Poretsky Elly, Andorf Carson M, Sen Taner Z
Agricultural Research Service, Crop Improvement and Genetics Research Unit U.S. Department of Agriculture Albany CA United States.
Agricultural Research Service, Corn Insects and Crop Genetics Research U.S. Department of Agriculture Ames IA United States.
Plant Direct. 2023 Dec 20;7(12):e554. doi: 10.1002/pld3.554. eCollection 2023 Dec.

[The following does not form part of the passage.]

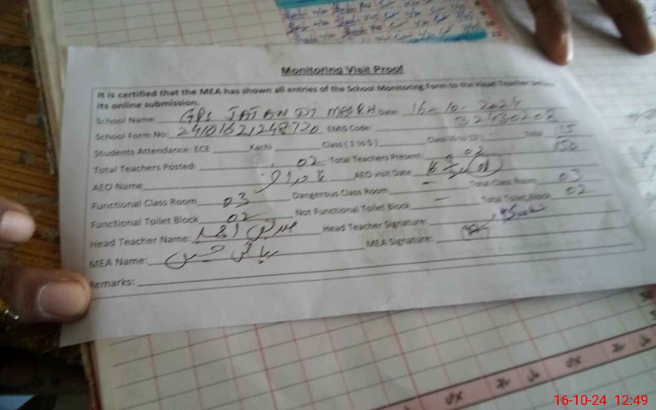 | EMIS Code: 32430208 | Name of School: GPS JATAN DI MAIRH | |||

Protein phosphorylation is a dynamic and reversible post-translational modification that regulates a variety of essential biological processes. The regulatory role of phosphorylation in cellular signaling pathways, protein-protein interactions, and enzymatic activities has motivated extensive research efforts to understand its functional implications. Experimental protein phosphorylation data in plants remains limited to a few species, necessitating a scalable and accurate prediction method. Here, we present PhosBoost, a machine-learning approach that leverages protein language models and gradient-boosting trees to predict protein phosphorylation from experimentally derived data. Trained on data obtained from a comprehensive plant phosphorylation database, qPTMplants, we compared the performance of PhosBoost to existing protein phosphorylation prediction methods, PhosphoLingo and DeepPhos. For serine and threonine prediction, PhosBoost achieved higher recall than PhosphoLingo and DeepPhos (.78, .56, and .14, respectively) while maintaining a competitive area under the precision-recall curve (.54, .56, and .42, respectively). PhosphoLingo and DeepPhos failed to predict any tyrosine phosphorylation sites, while PhosBoost achieved a recall score of .6. Despite the precision-recall tradeoff, PhosBoost offers improved performance when recall is prioritized while consistently providing more confident probability scores. A sequence-based pairwise alignment step improved prediction results for all classifiers by effectively increasing the number of inferred positive phosphosites. We provide evidence to show that PhosBoost models are transferable across species and scalable for genome-wide protein phosphorylation predictions. PhosBoost is freely and publicly available on GitHub.
蛋白质磷酸化是一种动态且可逆的翻译后修饰,可调节多种重要的生物学过程。磷酸化在细胞信号通路、蛋白质-蛋白质相互作用和酶活性中的调节作用激发了广泛的研究工作,以了解其功能影响。植物中的实验性蛋白质磷酸化数据仍然仅限于少数物种,因此需要一种可扩展且准确的预测方法。在此,我们提出了PhosBoost,这是一种机器学习方法,它利用蛋白质语言模型和梯度提升树从实验获得的数据中预测蛋白质磷酸化。在从全面的植物磷酸化数据库qPTMplants获得的数据上进行训练后,我们将PhosBoost的性能与现有的蛋白质磷酸化预测方法PhosphoLingo和DeepPhos进行了比较。对于丝氨酸和苏氨酸预测,PhosBoost的召回率高于PhosphoLingo和DeepPhos(分别为0.78、0.56和0.14),同时在精确召回曲线下保持有竞争力的面积(分别为0.54、0.56和0.42)。PhosphoLingo和DeepPhos未能预测任何酪氨酸磷酸化位点,而PhosBoost的召回率得分为0.6。尽管存在精确召回权衡,但当优先考虑召回率时,PhosBoost提供了改进的性能,同时始终提供更可靠的概率分数。基于序列的成对比对步骤通过有效增加推断的阳性磷酸化位点数量,改善了所有分类器的预测结果。我们提供证据表明,PhosBoost模型可跨物种转移,并且可扩展用于全基因组蛋白质磷酸化预测。PhosBoost可在GitHub上免费公开获取。